* **TASK DIRECTIONS**:
No pictures belong in the copy. Retype exactly, and only, the stretch of lines below from the one with "Vibrant abstract bokeh" through the one with "Tさんの自転車を取りに、ネモトさんに行ったら、知り合いの旦那さんがシマノ カスタムフィット シューズ".
:: AVAILABLE DATA
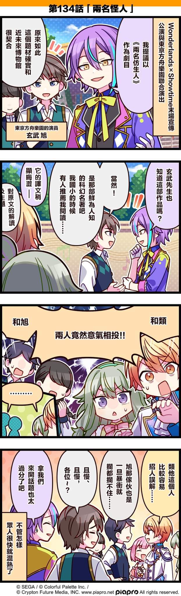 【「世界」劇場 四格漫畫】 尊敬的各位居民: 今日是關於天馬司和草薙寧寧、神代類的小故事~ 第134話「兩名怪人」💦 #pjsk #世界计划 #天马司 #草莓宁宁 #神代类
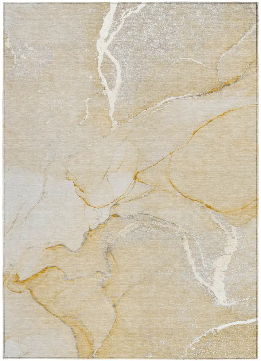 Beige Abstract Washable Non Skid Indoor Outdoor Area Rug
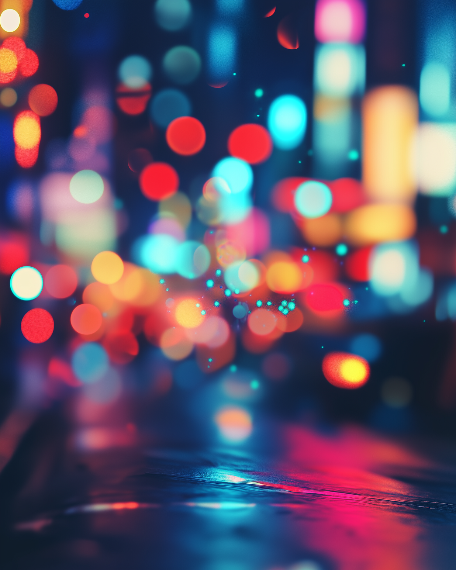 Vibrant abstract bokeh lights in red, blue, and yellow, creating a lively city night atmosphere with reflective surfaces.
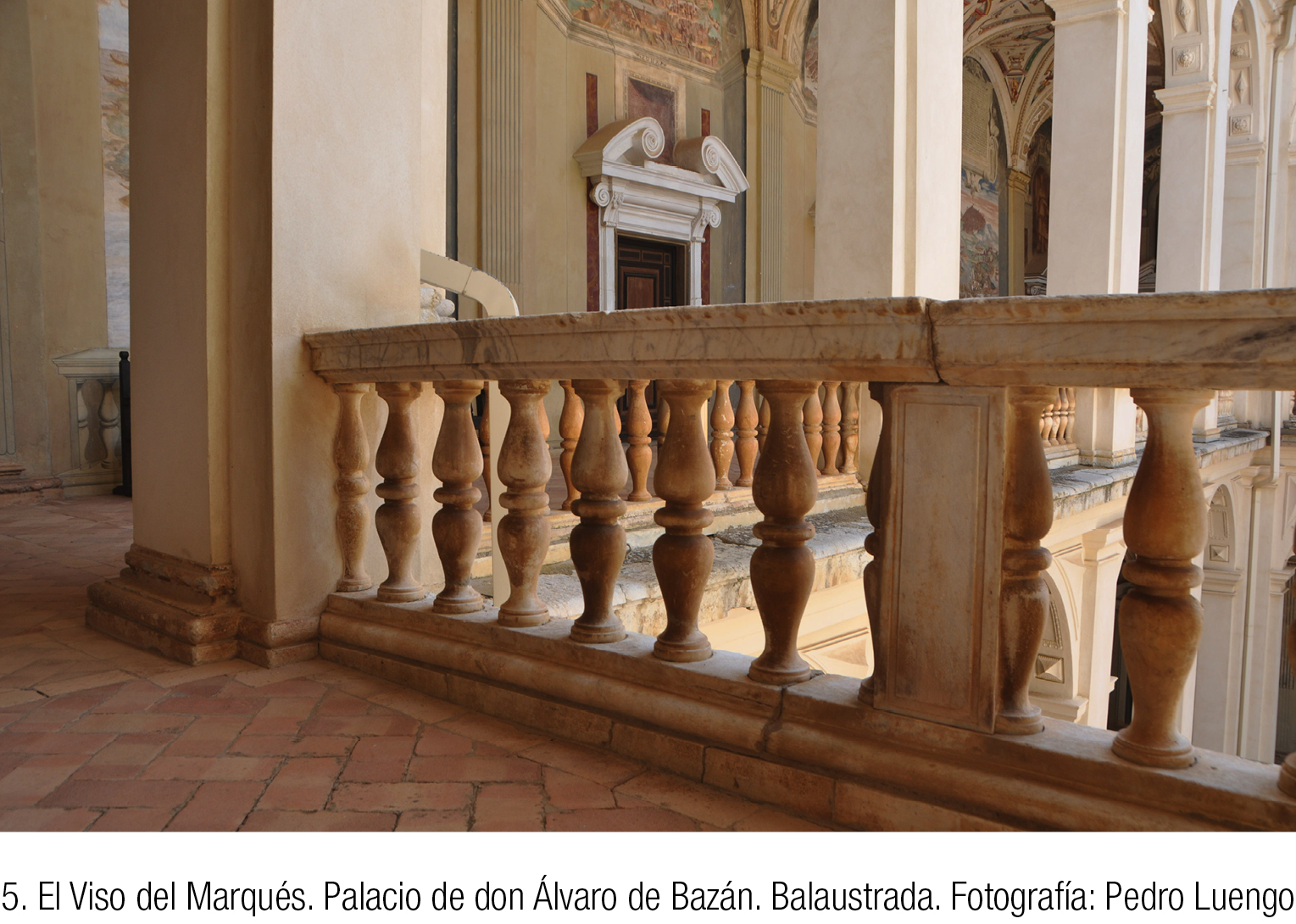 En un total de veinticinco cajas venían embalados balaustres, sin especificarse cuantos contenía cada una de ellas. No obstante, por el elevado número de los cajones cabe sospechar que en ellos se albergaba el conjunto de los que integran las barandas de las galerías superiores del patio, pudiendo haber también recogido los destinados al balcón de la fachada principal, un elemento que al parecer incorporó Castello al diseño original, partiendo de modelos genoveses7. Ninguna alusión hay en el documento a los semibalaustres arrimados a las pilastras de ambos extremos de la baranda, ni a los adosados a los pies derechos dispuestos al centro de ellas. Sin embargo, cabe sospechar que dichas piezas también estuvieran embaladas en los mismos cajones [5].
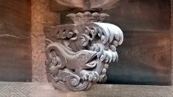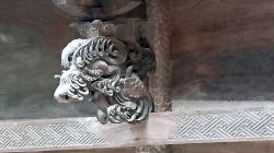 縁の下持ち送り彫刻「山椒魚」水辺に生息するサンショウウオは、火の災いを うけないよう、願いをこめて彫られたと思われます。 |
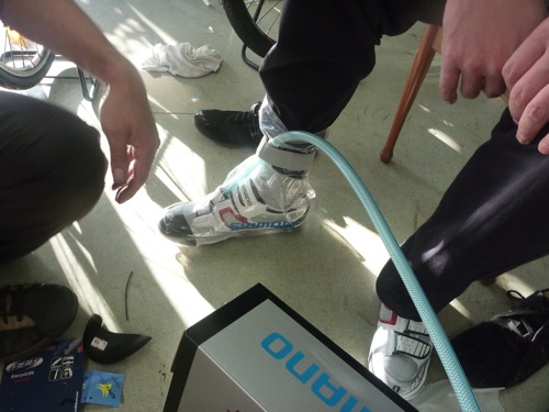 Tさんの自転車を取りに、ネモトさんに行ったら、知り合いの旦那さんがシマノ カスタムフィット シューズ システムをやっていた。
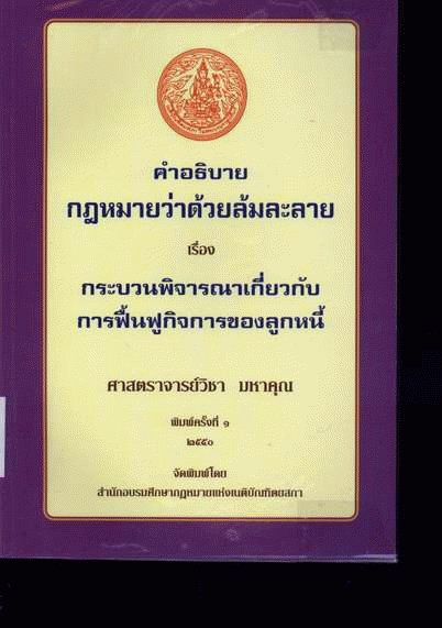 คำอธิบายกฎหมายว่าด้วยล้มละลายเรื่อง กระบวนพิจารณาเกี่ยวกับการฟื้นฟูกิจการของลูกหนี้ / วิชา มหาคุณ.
::::
:: AVAILABLE DATA
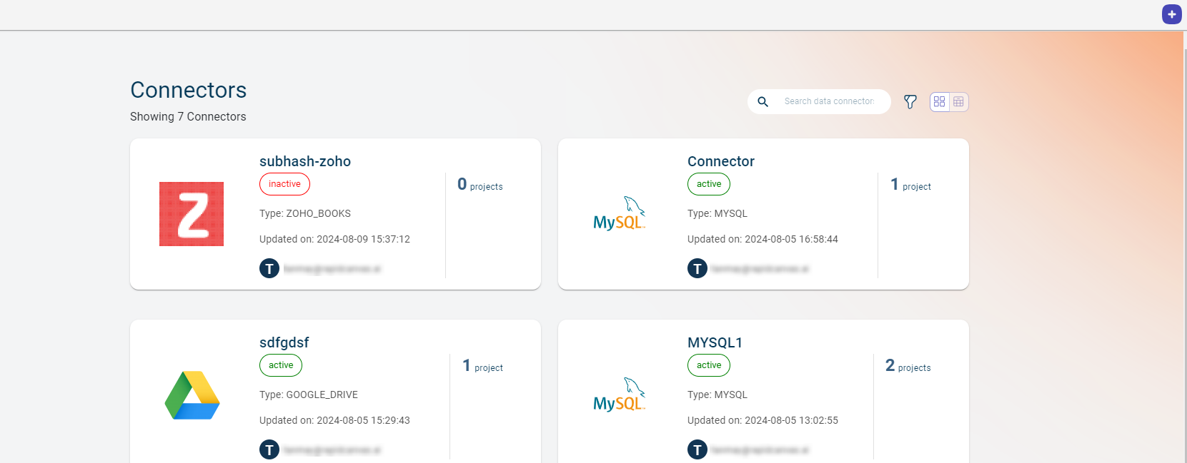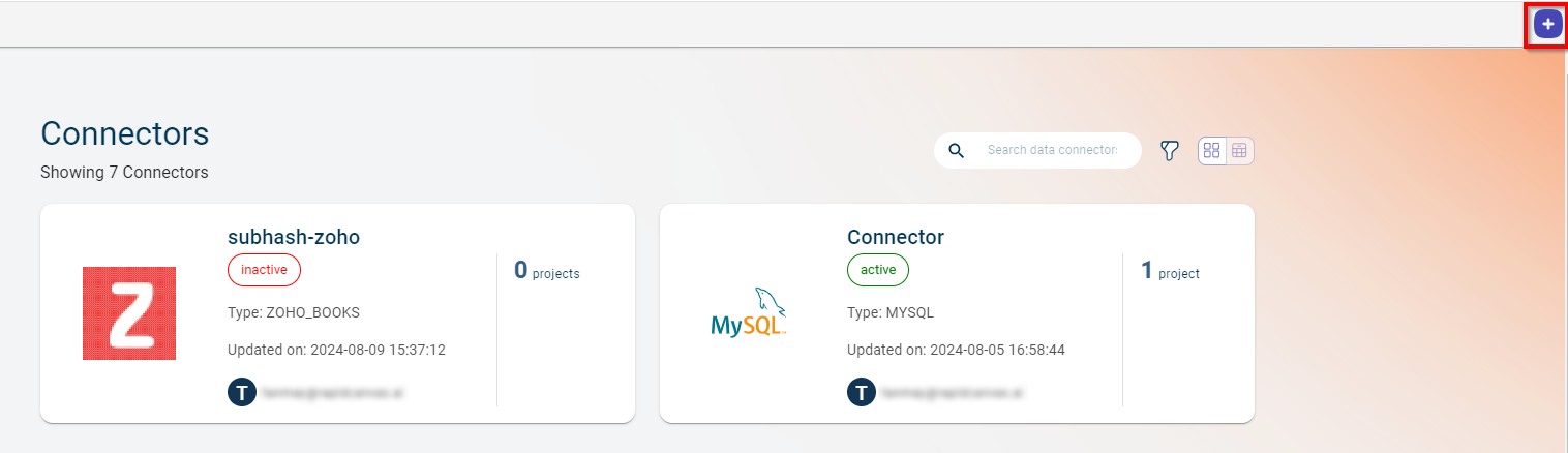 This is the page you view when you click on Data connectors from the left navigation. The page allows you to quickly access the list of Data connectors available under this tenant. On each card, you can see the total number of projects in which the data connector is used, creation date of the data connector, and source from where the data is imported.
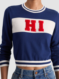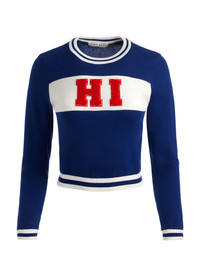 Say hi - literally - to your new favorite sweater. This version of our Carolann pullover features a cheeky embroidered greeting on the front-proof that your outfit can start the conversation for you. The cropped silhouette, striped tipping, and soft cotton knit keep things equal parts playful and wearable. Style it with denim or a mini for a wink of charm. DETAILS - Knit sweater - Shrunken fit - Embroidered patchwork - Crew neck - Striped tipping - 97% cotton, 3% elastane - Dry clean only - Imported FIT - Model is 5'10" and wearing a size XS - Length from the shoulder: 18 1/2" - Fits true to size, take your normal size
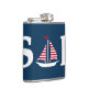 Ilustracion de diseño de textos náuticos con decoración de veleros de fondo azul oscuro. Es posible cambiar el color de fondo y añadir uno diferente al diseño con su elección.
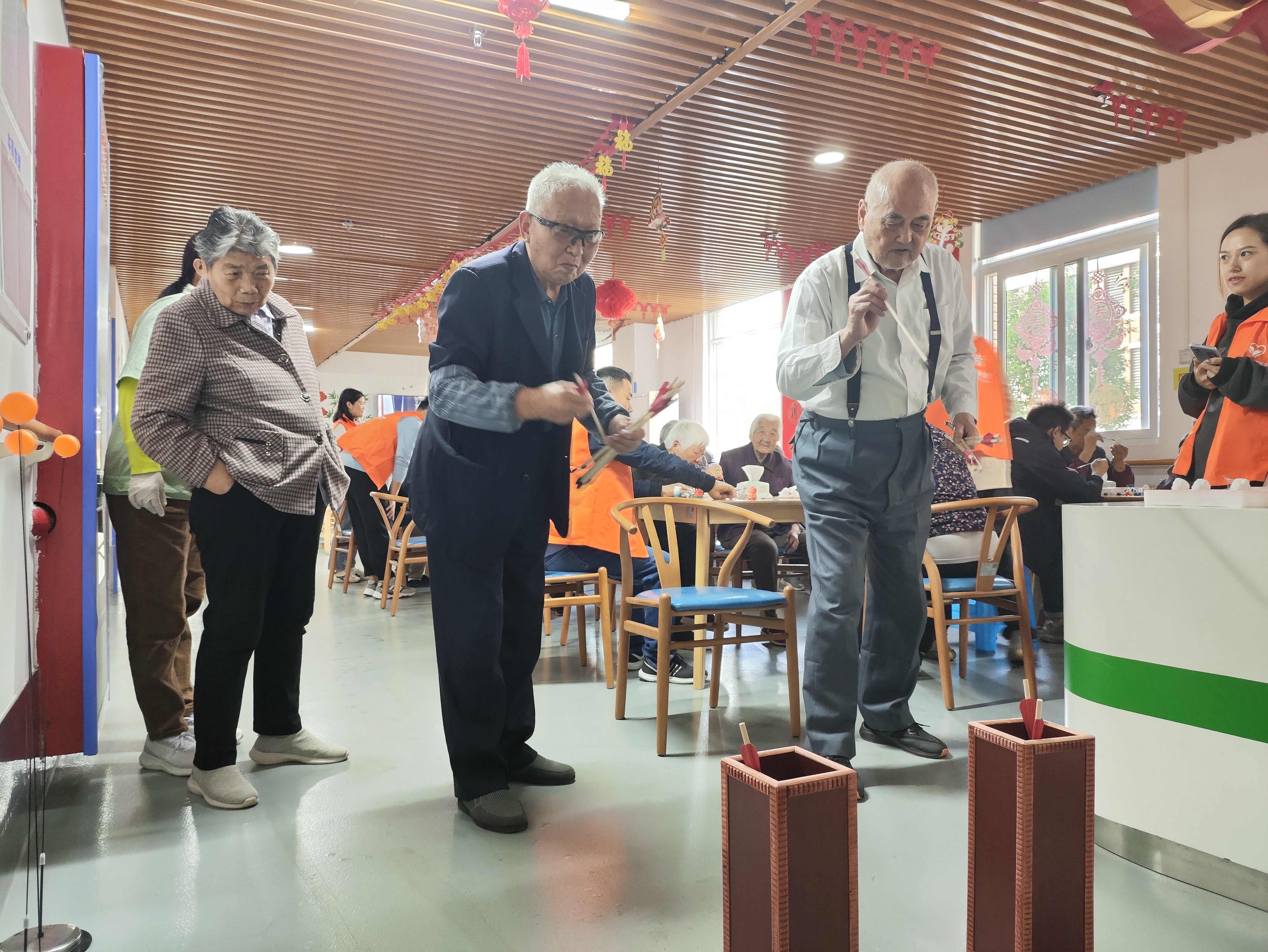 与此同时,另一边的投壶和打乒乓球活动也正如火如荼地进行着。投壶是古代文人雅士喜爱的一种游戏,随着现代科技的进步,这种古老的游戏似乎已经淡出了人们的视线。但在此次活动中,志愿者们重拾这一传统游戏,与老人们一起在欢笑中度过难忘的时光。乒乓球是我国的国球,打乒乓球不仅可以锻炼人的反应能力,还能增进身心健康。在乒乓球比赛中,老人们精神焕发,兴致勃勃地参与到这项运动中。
::::
* **WRITTEN SOLUTION**:
 Vibrant abstract bokeh lights in red, blue, and yellow, creating a lively city night atmosphere with reflective surfaces.
 En un total de veinticinco cajas venían embalados balaustres, sin especificarse cuantos contenía cada una de ellas. No obstante, por el elevado número de los cajones cabe sospechar que en ellos se albergaba el conjunto de los que integran las barandas de las galerías superiores del patio, pudiendo haber también recogido los destinados al balcón de la fachada principal, un elemento que al parecer incorporó Castello al diseño original, partiendo de modelos genoveses7. Ninguna alusión hay en el documento a los semibalaustres arrimados a las pilastras de ambos extremos de la baranda, ni a los adosados a los pies derechos dispuestos al centro de ellas. Sin embargo, cabe sospechar que dichas piezas también estuvieran embaladas en los mismos cajones [5].
 縁の下持ち送り彫刻「山椒魚」水辺に生息するサンショウウオは、火の災いを うけないよう、願いをこめて彫られたと思われます。 |
 Tさんの自転車を取りに、ネモトさんに行ったら、知り合いの旦那さんがシマノ カスタムフィット シューズ システムをやっていた。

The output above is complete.